Thursday, June 27, 2002

Interesting piece in Wednedsay's Guardian about psychometric testing.

When I graduated, I went for a host of graduate-type jobs. One was with Comag, the magazine distributor. It was in zone 112, past the airport, and not very near North London, where I was planning on living.

But I was utterly seduced by the fact you got as many free magazines as you wanted.

They loved me. We'd arranged a start date - for my highly paid executive photocopying assistant job - and the interviewer said, "just a formality, there's a psychometric test you need to fill out."

Having interviewed a bunch of graduates in my life, now, I know that I was good because I could look people in the eye and was fairly sociable. I mean, how hard can photocopying be?

Aside: I was once hiring gradautes for a conference company, and the first response I got, out of the Guardian, in fact, was a faxed reply with a brilliantly witty cover letter, from a languages graduate who lived in Highgate. I noticed from the fax address that it had probably been sent from her Dad's office.

I interviewed her first, convinced that I'd found a smart, bright, on-the-ball graduate without even having to look. There is a God. When she turned up, she was shaking, couldn't look me in the eye, and was so chronically shy that she kept her hair over her face at all times, and visibly quaked if anyone talked to her.

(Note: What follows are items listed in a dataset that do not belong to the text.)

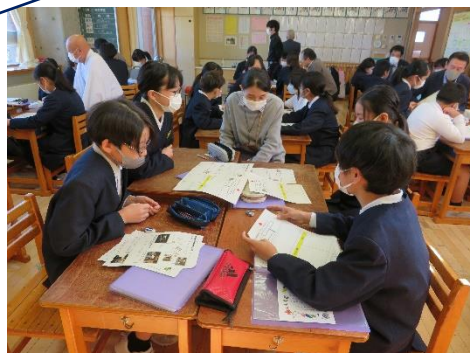
6年 空き家活用 交流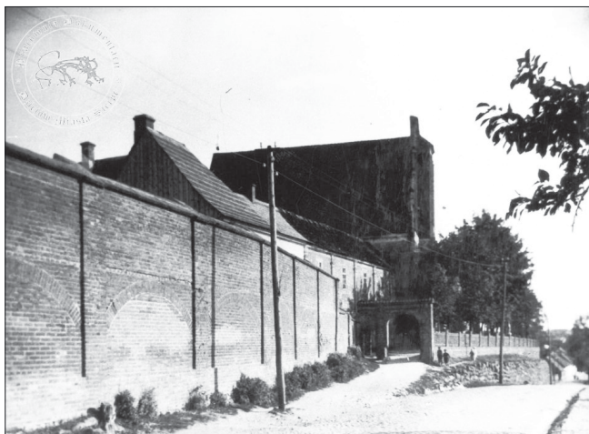
Wjazd do kościoła pw. Wniebowzięcia NMP w Sierpcu, przy którym znajdował się klasztor ss. Benedyktynek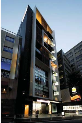
『GEMS 渋谷』 2012年10月開業

野村不動産グループでは、「野村不動産グループ 中長期経営計画（-2025.3）～Creating Value through Change～」において、商業施設事業の拡大を成長戦略の一つに掲げております。2018年以降、9棟の「GEMS」シリーズのオープンを予定しており、今後年間6物件ずつの用地取得を行い、「GEMS」シリーズの開発を積極的に行ってまいります。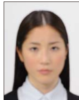
✕ ピンボケや手ブレにより不鮮明なもの

撮影時にピントが合っていなかったり、手ブレしてしまったために画像が不鮮明なものや背景に人物の影があるものは不適当です。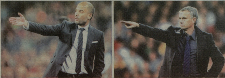
ორი დიდი მწერის დღესი ნინო

დღეს რომ „კამ ნოუზე“ დიდი მატჩია, მგინი, ნახევარზე მეტმა მსოფლიომ იცის, მაგრამ „ელ კლასიკოს“ მდიდარ ისტორიამ ძნელად მოხაზავი ისეთ დამაინტრიგებელ მუხებდრას, როგორც დღევანდელი ინიტე - „ბარსელონა“ „რეალის“ წინააღმდეგ, ხოლო გვარდროლა VS ფოხ მუორი-ნიო, ვინ უკეთესია, ლეო მესსი თუ კრისტინაო რინალო, ვინ იქნება ლიდერი პრემიერლიგისში.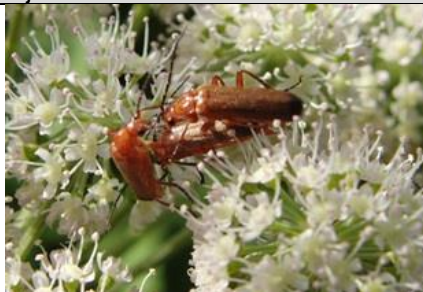
22/7, kleine rode wekschild , Abtswoudsepark, Delft, Aukje Gjaltema

We sat in a meeting room, and I didn't want to say too much, as she clearly thought I/anyone was the employer from hell. And she clearly wasn't the woman her application said she was. I asked, as gently as I could, who'd written her application. "oh, er, m-m-m-m-y d-d-d-dad." I was never sure he was doing her any favours.

But back to Comag. So they sit me in a dark room with a psychometric test, and I'm twenty one and desperate to please. And I think, "I must try and be the person they want me to be." It wasn't even Belbin, it was Myers Briggs, I'm pretty sure. Anyway, I answered each question with the answer "I thought they wanted."

Afterwards, the HR woman marks it, and they come back to me with a changed demeanour. Don't want to get to close. Looking at me as if I might pull a knife any moment.

"Sasha, thanks for doing the test. We're not sure you'd, er, fit in here. Don't call us, we'll call you."

You should never lie. But especially in psychometric tests.